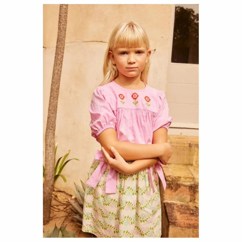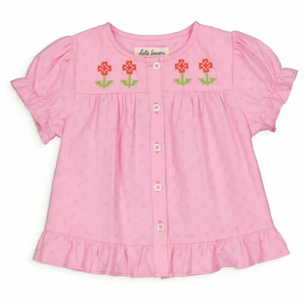 - Chemisier en ratière pour bébé avec empiècement plat et fronces au niveau du bas. Broderie de fleurs sur l’empiècement avant et sur le devant boutonné. Manches courtes froncées avec smocks et volants.
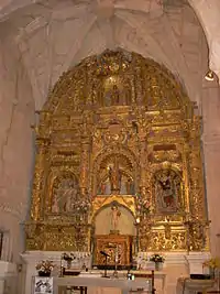 El retablo mayor es obra tardobarroca, colocado en la segunda mitad del siglo XVIII. Es un retablo de un solo cuerpo, banco y ático redondeado, con sencillas hornacinas y decoración muy profusa, de sabor rococó. Las imágenes, aunque no desentonan con el estilo del retablo porque fueron doradas y re-policromadas, son anteriores, de los siglos XV-XVI. Representan a san José con el Niño, san Miguel arcángel, los santos titulares de la iglesia Fructuoso, Eulogio y Augurio, y, rematando el conjunto, santa Lucía. Un bellísimo Niño Jesús Salvador del Mundo remata el sagrario. Es una escultura coetánea al retablo, de madera tallada y policromada, con ojos de cristal.
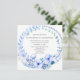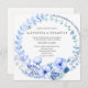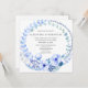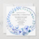 Eine blumengeschmückte Hochzeitseinladung mit einem großen blauen Kranz aus Blume, Beeren und Blätter. Wenn Sie eine Hochzeitsfeier, eine rustikale Hochzeit oder eine Gartenhochzeit planen, wäre diese blaue Blüteneinladung in der Tat sehr gut geeignet.
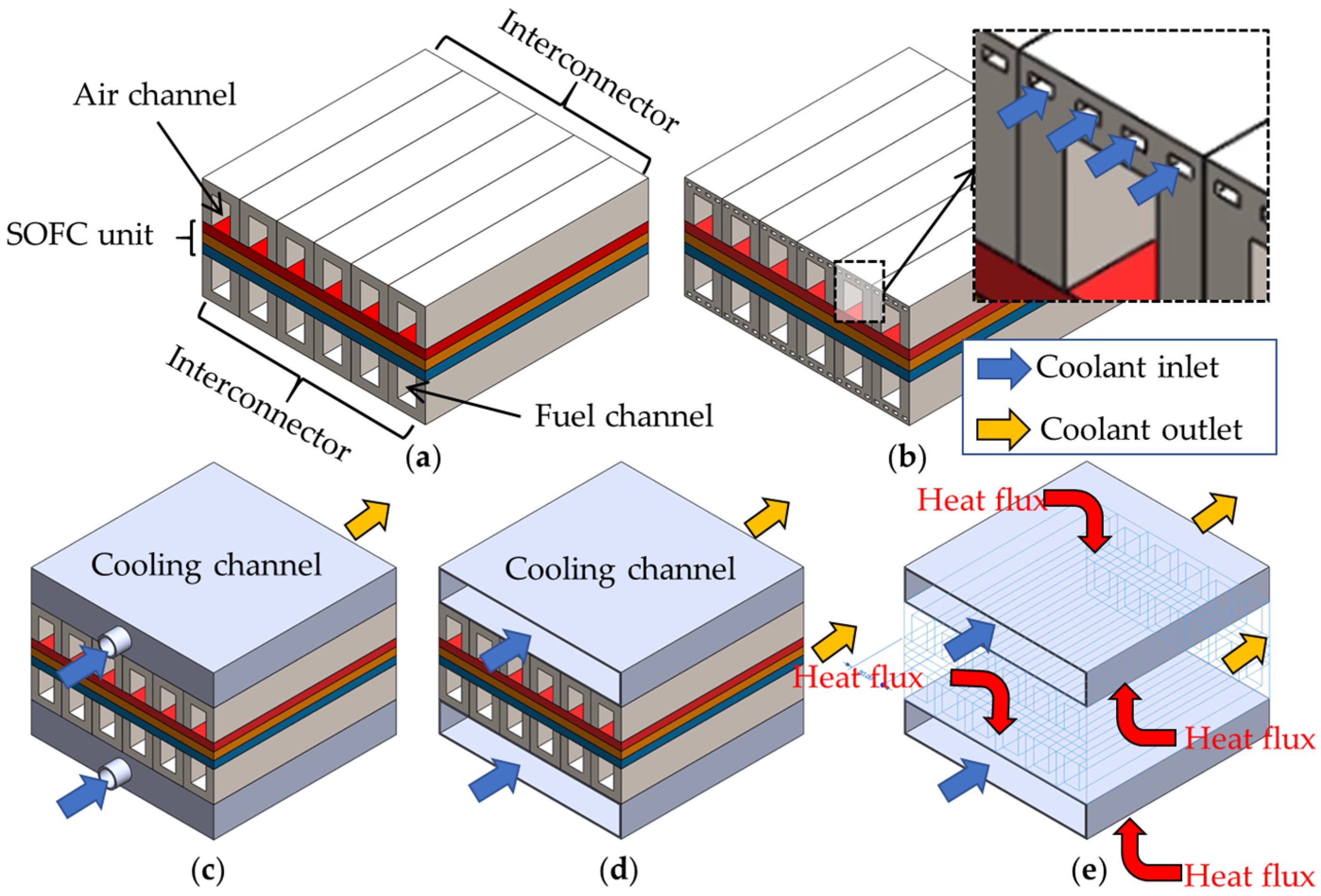 Figure 1. Different cooling strategies for SOFC stack: (a) excessive air; (b) coolant flowing through the interconnectors; (c,d) coolant passing through an additional cooling channel; and (e) concept of simplified boundary conditions in this study.

Assigned task: Restate the data word for word from its first line through the line with "Eine blumengeschmückte Hochzeitseinladung", leaving out any picture along the way.

The answer:
 - Chemisier en ratière pour bébé avec empiècement plat et fronces au niveau du bas. Broderie de fleurs sur l’empiècement avant et sur le devant boutonné. Manches courtes froncées avec smocks et volants.
 El retablo mayor es obra tardobarroca, colocado en la segunda mitad del siglo XVIII. Es un retablo de un solo cuerpo, banco y ático redondeado, con sencillas hornacinas y decoración muy profusa, de sabor rococó. Las imágenes, aunque no desentonan con el estilo del retablo porque fueron doradas y re-policromadas, son anteriores, de los siglos XV-XVI. Representan a san José con el Niño, san Miguel arcángel, los santos titulares de la iglesia Fructuoso, Eulogio y Augurio, y, rematando el conjunto, santa Lucía. Un bellísimo Niño Jesús Salvador del Mundo remata el sagrario. Es una escultura coetánea al retablo, de madera tallada y policromada, con ojos de cristal.
 Eine blumengeschmückte Hochzeitseinladung mit einem großen blauen Kranz aus Blume, Beeren und Blätter. Wenn Sie eine Hochzeitsfeier, eine rustikale Hochzeit oder eine Gartenhochzeit planen, wäre diese blaue Blüteneinladung in der Tat sehr gut geeignet.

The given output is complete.